* _The task_
All lines from the one bearing "A rare opportunity!" through the end of the data below must be printed exactly as they stand, with pictures removed.

* _Given material_

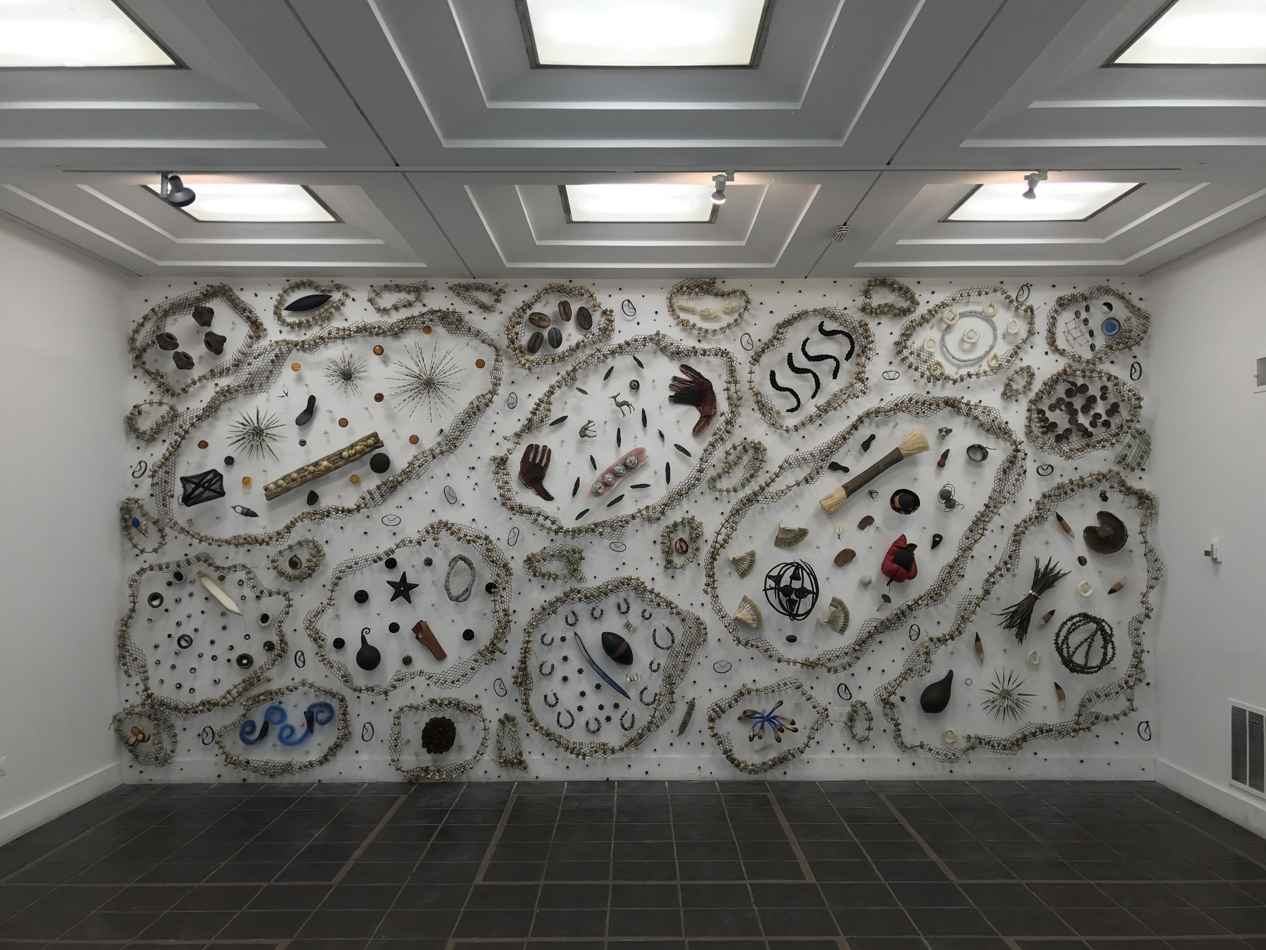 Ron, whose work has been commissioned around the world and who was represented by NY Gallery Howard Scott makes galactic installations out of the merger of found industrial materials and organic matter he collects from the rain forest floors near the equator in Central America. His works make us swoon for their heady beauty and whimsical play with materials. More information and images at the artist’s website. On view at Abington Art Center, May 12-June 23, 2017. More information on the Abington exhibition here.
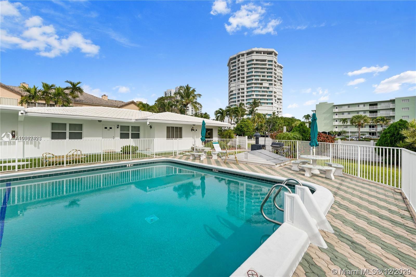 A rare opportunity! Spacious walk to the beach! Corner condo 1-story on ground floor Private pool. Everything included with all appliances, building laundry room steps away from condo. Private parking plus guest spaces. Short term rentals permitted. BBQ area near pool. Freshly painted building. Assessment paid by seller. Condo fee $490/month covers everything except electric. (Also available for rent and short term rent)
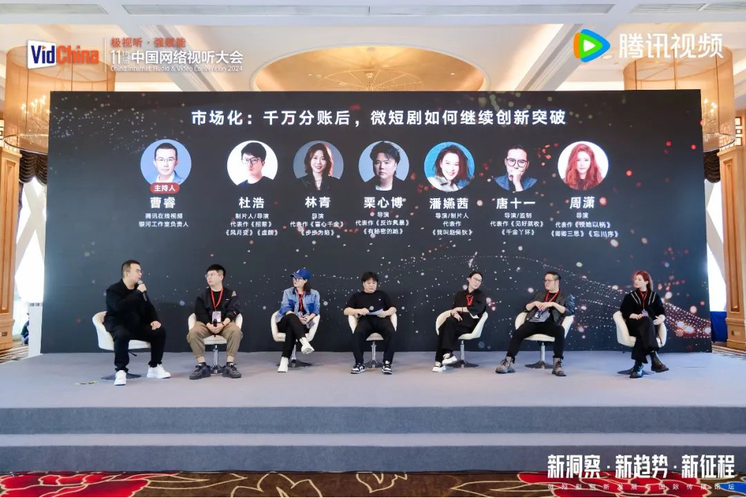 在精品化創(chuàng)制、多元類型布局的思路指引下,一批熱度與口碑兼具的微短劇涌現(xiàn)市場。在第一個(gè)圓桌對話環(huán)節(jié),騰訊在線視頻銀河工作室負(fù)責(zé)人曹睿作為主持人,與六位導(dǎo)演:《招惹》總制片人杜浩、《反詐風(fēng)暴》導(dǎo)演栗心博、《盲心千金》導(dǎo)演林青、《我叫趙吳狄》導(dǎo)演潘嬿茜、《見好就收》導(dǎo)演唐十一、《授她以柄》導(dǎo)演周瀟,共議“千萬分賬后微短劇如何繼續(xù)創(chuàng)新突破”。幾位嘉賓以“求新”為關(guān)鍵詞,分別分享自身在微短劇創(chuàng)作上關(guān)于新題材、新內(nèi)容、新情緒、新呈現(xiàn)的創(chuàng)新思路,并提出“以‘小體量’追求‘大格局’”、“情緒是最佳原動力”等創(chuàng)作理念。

* _Task output_
 A rare opportunity! Spacious walk to the beach! Corner condo 1-story on ground floor Private pool. Everything included with all appliances, building laundry room steps away from condo. Private parking plus guest spaces. Short term rentals permitted. BBQ area near pool. Freshly painted building. Assessment paid by seller. Condo fee $490/month covers everything except electric. (Also available for rent and short term rent)
 在精品化創(chuàng)制、多元類型布局的思路指引下,一批熱度與口碑兼具的微短劇涌現(xiàn)市場。在第一個(gè)圓桌對話環(huán)節(jié),騰訊在線視頻銀河工作室負(fù)責(zé)人曹睿作為主持人,與六位導(dǎo)演:《招惹》總制片人杜浩、《反詐風(fēng)暴》導(dǎo)演栗心博、《盲心千金》導(dǎo)演林青、《我叫趙吳狄》導(dǎo)演潘嬿茜、《見好就收》導(dǎo)演唐十一、《授她以柄》導(dǎo)演周瀟,共議“千萬分賬后微短劇如何繼續(xù)創(chuàng)新突破”。幾位嘉賓以“求新”為關(guān)鍵詞,分別分享自身在微短劇創(chuàng)作上關(guān)于新題材、新內(nèi)容、新情緒、新呈現(xiàn)的創(chuàng)新思路,并提出“以‘小體量’追求‘大格局’”、“情緒是最佳原動力”等創(chuàng)作理念。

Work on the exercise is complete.